The Senate is expected to consider the Cybersecurity Information Sharing Act (CISA) (S. 754) on the Senate floor this week. The managers of the bill released a manager’s amendment on July 31 that makes some important changes to the bill, but that leaves key privacy and security concerns that CDT identified unaddressed or insufficiently addressed. In short, there are some important and some partial fixes and we describe some of them below and illustrate them in this redline. Huge problems remain.
Limits on Surveillance Authorities
We have criticized CISA as a surveillance bill in cybersecurity clothing because the bill authorizes the government to use information shared with it for cybersecurity purposes for criminal investigations that have nothing to do with cybersecurity. Instead of having to get a warrant to compel companies to turn over Internet user communications content to be used in a criminal investigation, CISA authorizes the companies to share such content when it qualifies as a “cyber threat indicator.” It also permits the companies to share this information not just for cybersecurity purposes, but for any purpose permitted under the bill, including to prosecute crimes unrelated to cybersecurity.

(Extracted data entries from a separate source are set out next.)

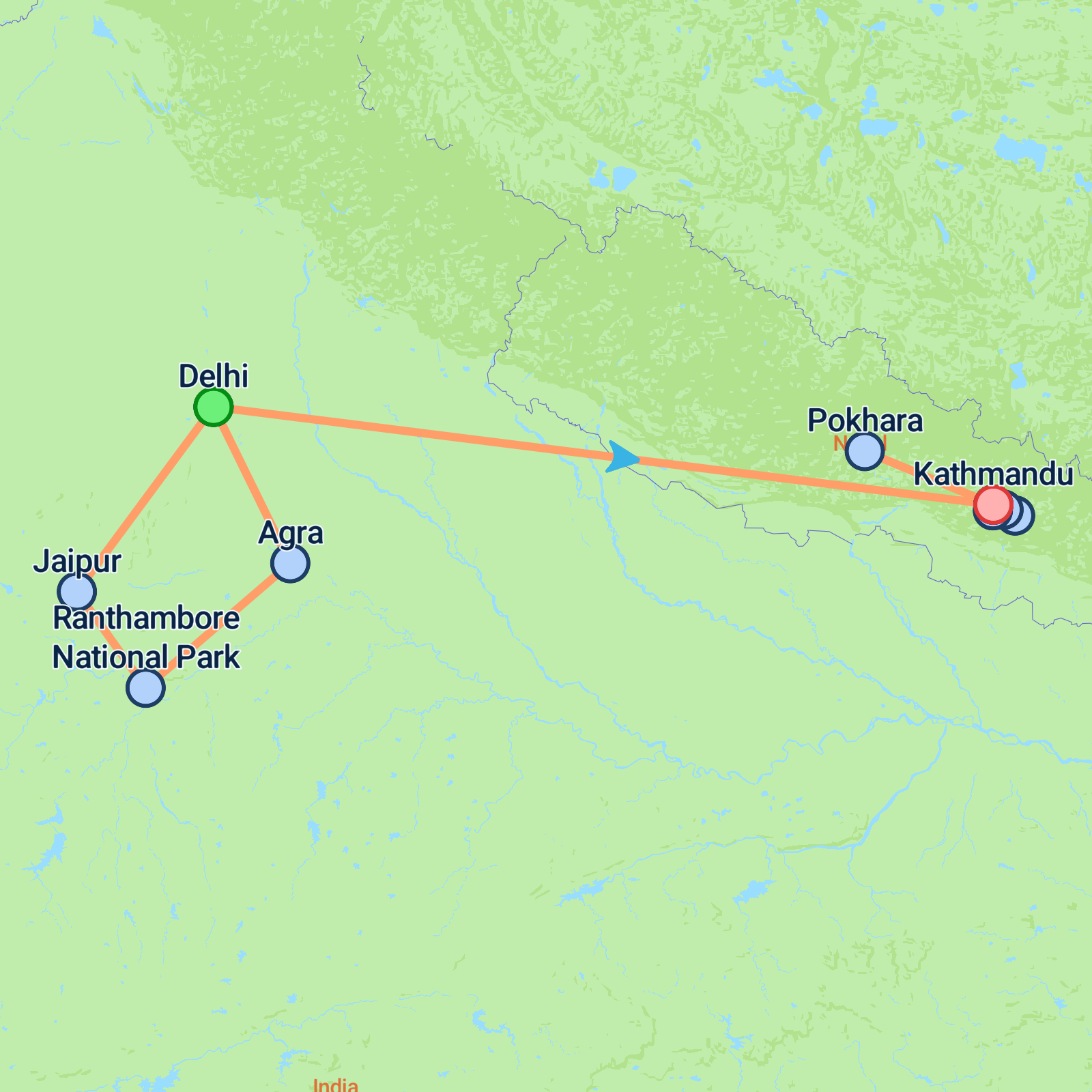 Embark on a remarkable 16-day group tour from Delhi to Kathmandu. Begin in Delhi before travelling to Agra for sunset at the Taj Mahal and tiger safaris in Ranthambore. Continue to Jaipur, the colourful Pink City, before returning to the capital for your flight to Kathmandu. In Nepal, take in Himalayan panoramas from Dhulikhel, explore Kathmandu’s temples, and wander through medieval Bhaktapur and artistic Patan. The final stop is Pokhara, with boat rides, scenic hikes and crisp Himalayan air before you return to Kathmandu.
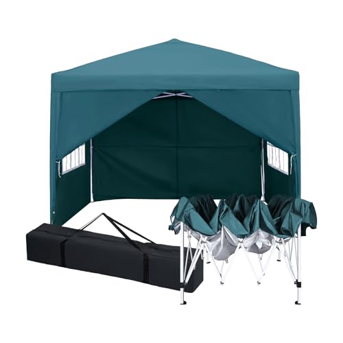 Tonnelle de Jardin 2.5x2.5m,Tente Pliante de Exterieur avec 4 Côtés、Sac de Transport,Tonnelle Pliante Imperméable,Anti UV,Hauteur Réglable,Tente de Camping,Barnum pour Fête,Patio,Camping,Vert Foncé
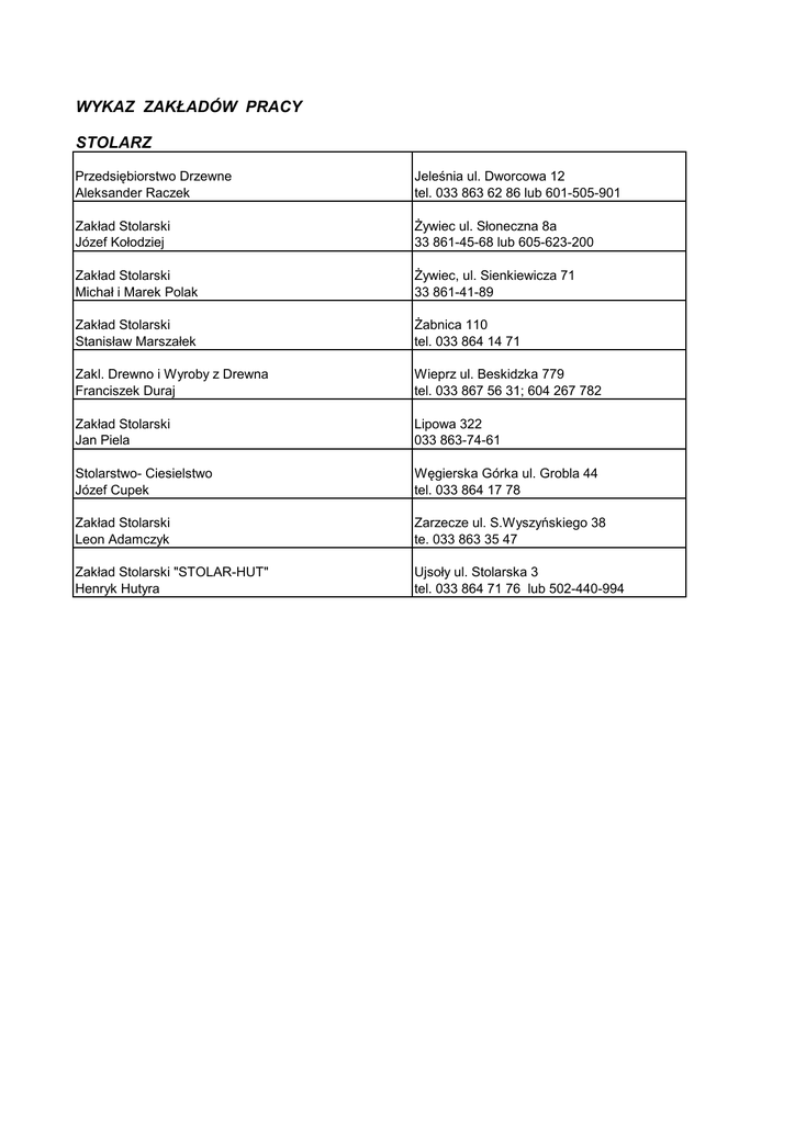 WYKAZ ZAKŁADÓW PRACY STOLARZ

The manager’s amendment partially addresses these concerns in two important ways. First, it permits companies to share cyber threat indicators (CTIs) only for a “cybersecurity purpose.” “Cybersecurity purpose” means the purpose of protecting information or an information system from a cybersecurity threat or a cybersecurity vulnerability. Section 2(4). “Threats” and “vulnerabilities” are defined broadly. While one might prefer a tighter purpose restriction, this is a significant improvement to the bill.
Second, it strikes a reference to 18 USC 3559(c)(2)(F), which permitted the government to use CTIs to investigate certain felonies unrelated to cybersecurity, including car jacking and drug running with a gun. Section (5)(d)(5)(vi). This is a significant improvement. However, the bill still permits the government to use CTIs to investigate and prosecute crimes of espionage, identity theft, censorship, and trade secrets violations. The manager’s amendment improves the bill by limiting government use of CTIs to prosecute crimes, but the improvement falls short of a full fix.

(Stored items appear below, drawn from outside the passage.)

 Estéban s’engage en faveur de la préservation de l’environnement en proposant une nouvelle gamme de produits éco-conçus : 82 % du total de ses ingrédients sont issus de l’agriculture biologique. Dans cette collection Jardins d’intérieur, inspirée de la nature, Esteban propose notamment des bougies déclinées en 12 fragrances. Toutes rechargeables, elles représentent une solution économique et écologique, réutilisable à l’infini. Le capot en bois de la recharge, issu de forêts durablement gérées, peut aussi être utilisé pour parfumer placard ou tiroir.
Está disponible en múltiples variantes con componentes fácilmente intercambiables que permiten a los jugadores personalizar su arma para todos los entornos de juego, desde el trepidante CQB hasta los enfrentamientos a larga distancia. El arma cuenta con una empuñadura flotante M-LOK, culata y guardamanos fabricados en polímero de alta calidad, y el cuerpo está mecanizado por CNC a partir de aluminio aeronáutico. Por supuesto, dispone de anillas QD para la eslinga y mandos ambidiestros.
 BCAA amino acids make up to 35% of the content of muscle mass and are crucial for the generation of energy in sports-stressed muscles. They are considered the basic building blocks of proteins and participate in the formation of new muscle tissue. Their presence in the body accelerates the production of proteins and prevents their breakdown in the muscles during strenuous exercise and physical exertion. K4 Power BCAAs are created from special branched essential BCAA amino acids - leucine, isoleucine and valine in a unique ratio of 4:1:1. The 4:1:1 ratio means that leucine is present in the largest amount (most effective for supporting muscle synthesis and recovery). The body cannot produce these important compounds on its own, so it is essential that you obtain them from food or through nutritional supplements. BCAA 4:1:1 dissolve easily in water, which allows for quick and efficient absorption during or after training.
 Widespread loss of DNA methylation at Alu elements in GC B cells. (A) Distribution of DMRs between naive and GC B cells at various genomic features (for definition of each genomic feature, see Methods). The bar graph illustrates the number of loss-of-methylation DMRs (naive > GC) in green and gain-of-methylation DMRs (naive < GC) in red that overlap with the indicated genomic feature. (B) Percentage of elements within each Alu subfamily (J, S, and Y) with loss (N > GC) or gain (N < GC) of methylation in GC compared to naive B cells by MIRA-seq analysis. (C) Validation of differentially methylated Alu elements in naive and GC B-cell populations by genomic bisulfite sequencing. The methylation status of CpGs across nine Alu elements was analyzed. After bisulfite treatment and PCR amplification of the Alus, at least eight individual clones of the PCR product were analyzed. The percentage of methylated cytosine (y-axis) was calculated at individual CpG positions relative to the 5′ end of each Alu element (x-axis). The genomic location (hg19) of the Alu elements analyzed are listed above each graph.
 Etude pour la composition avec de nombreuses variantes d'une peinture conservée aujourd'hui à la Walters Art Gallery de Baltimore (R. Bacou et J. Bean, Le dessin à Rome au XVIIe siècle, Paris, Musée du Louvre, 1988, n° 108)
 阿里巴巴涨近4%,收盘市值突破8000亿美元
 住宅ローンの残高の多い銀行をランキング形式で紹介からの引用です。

We have criticized CISA for authorizing cybersecurity “countermeasures” (euphemistically re-named “defensive measures”) on one network that cause harm to another network or to data on another network, including countermeasures that run afoul of the federal anti-hacking statute, the Computer Fraud and Abuse Act. 18 USC 1030. The manager’s amendment takes one step forward on countermeasures, and one step back. The amendment makes it clear that countermeasures operating on one network that provide unauthorized access to data on another network are not permitted. Section 2(7)(B). This is a significant step forward because much of the off-network harmful effects of countermeasures cannot occur absent unauthorized access.

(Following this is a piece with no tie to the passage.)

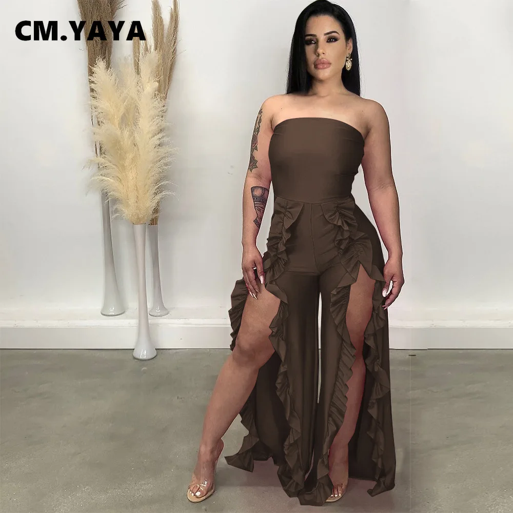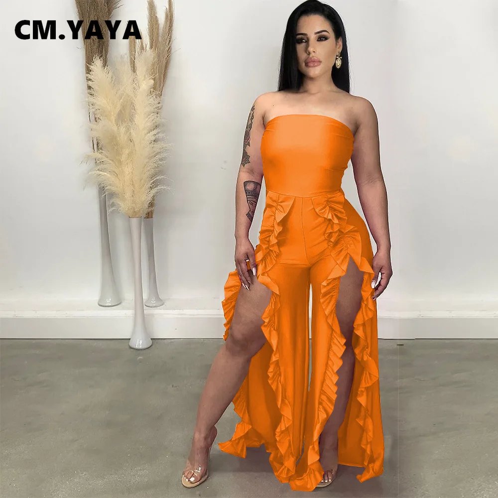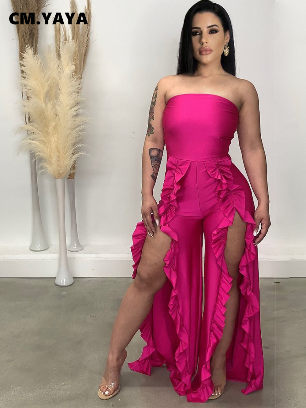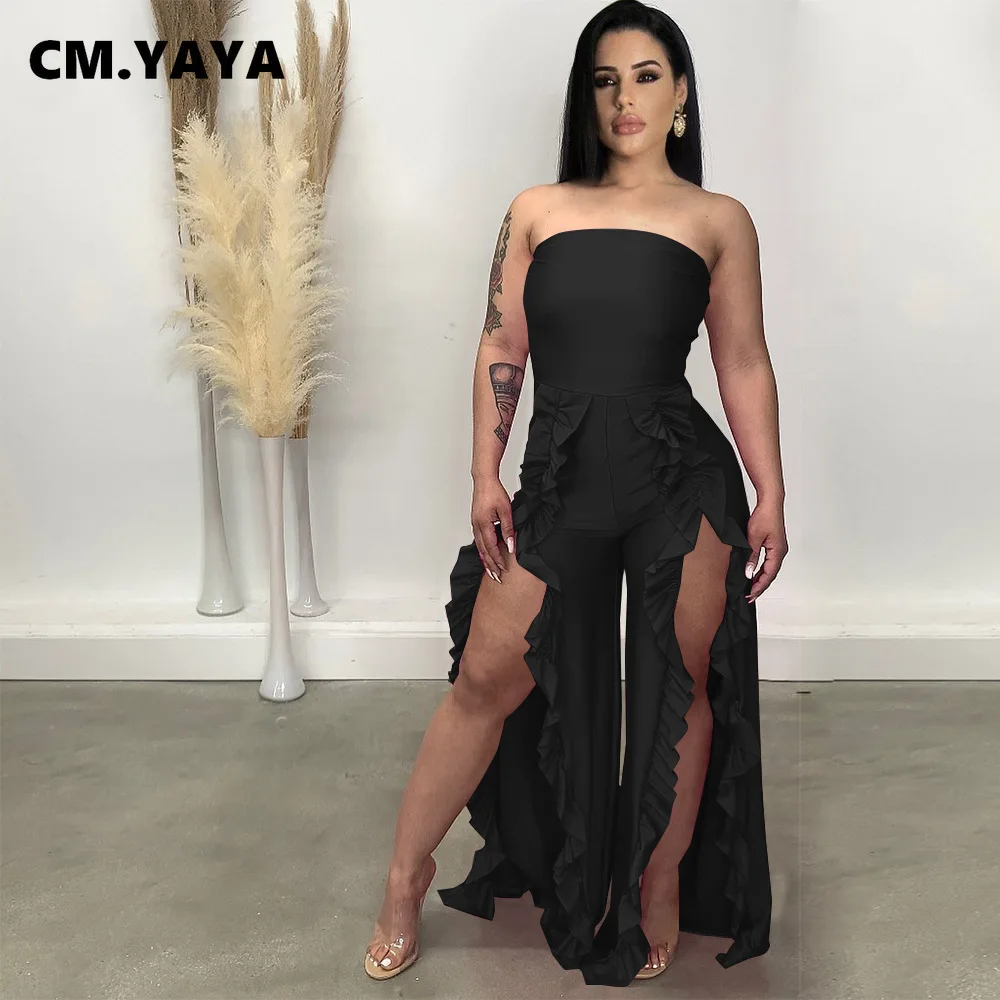 CM.YAYA Strapless Ruffles Edible Tree Fungus High Split Sexy Party Jumpsuit for Women 2022 Summer Elastic Overall Romper
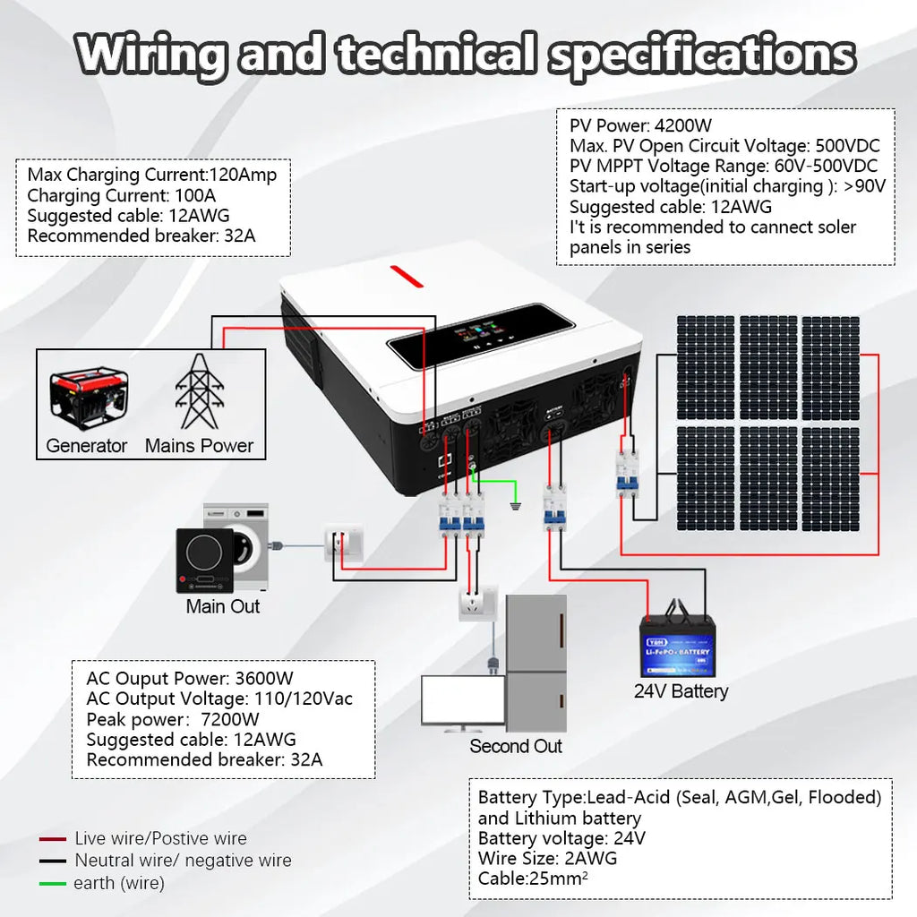 3600W On Grid/Off-Grid Solar Inverter Features:

On the other hand, the manager’s amendment makes it abundantly clear that the countermeasures the bill authorizes need not operate on one’s own network – they can operate on somebody else’s network or data. It does this by striking the language in the bill that permitted entities to “operate” countermeasures “on” only their own networks or on networks of consenting entities. Section 4(d)(3)(A)(i). Instead, companies are authorized to operate countermeasures that are “applied to” their own networks and data, regardless of whether they operate on the company’s own network or data, or on that of a non-consenting party. Though this makes the section consistent with another part of the bill that authorizes operation of countermeasures (Section 4(b)(1)), itis a step backwards. The bill permits countermeasures operated on one network to cause harm on another network – or to data on another network – so long as the harm is not substantial. We believe the countermeasures authorization is unnecessary and should be removed. If it is not removed, it should, at a minimum, be amended to permit only those countermeasures that do not run afoul the CFAA.
Role of DHS
We have been concerned that the legislation will marginalize the Department of Homeland Security (DHS) by permitting companies in the civilian private sector to share CTIs directly with the NSA, Cyber Command, and with other elements of the DOD and the intelligence community. While the manager’s amendment does not address this problem directly, it enhances the DHS role in the government’s cybersecurity program by directing both DHS and the Department of Justice (rather than the DOJ acting alone) to issue the policies and procedures that govern the sharing of CTIs.
The manager’s amendment leaves unresolved many of the problems we have identified in the bill. We are hopeful that the procedures the Senate adopts for consideration of the bill permits amendments to address the problems above, as well as:
- Strengthen the requirement to remove personal information by requiring removal of such information unless the entity sharing it reasonably believes the personal information is necessary to describe or mitigate a cybersecurity threat;
- Permit companies in the private civilian sector to share CTIs only with the Department of Homeland Security, as opposed to with the NSA and any other agency of the federal government;
- Ensure that the requirement to share CTIs within the government permits sufficient flexibility and time for the sharing entity to apply privacy protective procedures; and
- Address the cybersecurity-related conduct of the NSA by prohibiting the NSA from stockpiling “zero day” vulnerabilities, and instead, require the NSA (with limited exception) to share those vulnerabilities with the companies that can patch them.